For an hour or so the male colleagues sprawled in the living room, eating things the kitchen prepared, and drinking beer. Cristena’s husband had greeted her with affectionate uninterest, and now largely ignored her, but neither did he remark adversely on the redecoration. Indeed, he abruptly praised it. “The house is looking good. But wait until you see what I’ve brought for the garden.” And somehow he made it obvious he had deliberately not brought a present for Cristena, who did not deserve one, but for the house.
They went outside, into the freezing twilit day.
With the help of the house porter, Cristena’s husband trundled a large lamp-like structure into the garden, and set it up among the birch trees. He threw a switch and the lamp began softly to hum. From its bowl a yellow light streamed out and bathed the slope. It became warm. Strange scents shot from the ground, the trees. They were the smells of spring.

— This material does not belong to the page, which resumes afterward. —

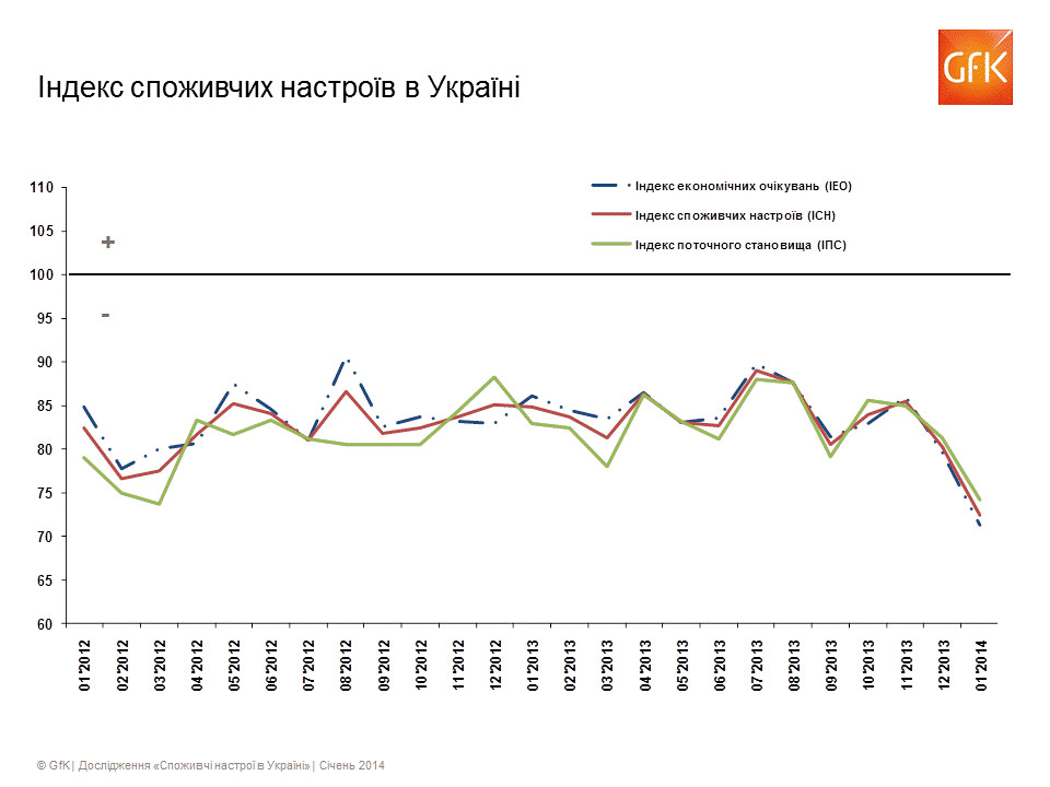 Индекс потребительских настроений украинцев в январе 2014 г. упал на 7,8 пункта до минимального уровня с апреля 2011 г. — 72,5 пункта, хотя еще в декабре он превышал 80 пунктов. Об этом свидетельствует исследование, которое ежемесячно проводит компания GfK Ukraine.

“The snow will be gone in minutes,” said Cristena’s husband. “The plants start coming up in half an hour. You can have a spring and summer garden in the middle of winter. Expensive, I’ll admit, this sun-lamp, but wait till you see.”
They waited, and they saw. And presently, after they had been splashed with snow and mud from the broiling, roiling earth, they retreated into the living room again, and looked on from there.
The garden was in flux, in tumult. Snow rushed in avalanches from the trees and along the ground. A kind of seismic activity thrust up huge tumuli, which seemed to boil. And on these peculiar black mounds, the porcelain flowers of spring bubbled through.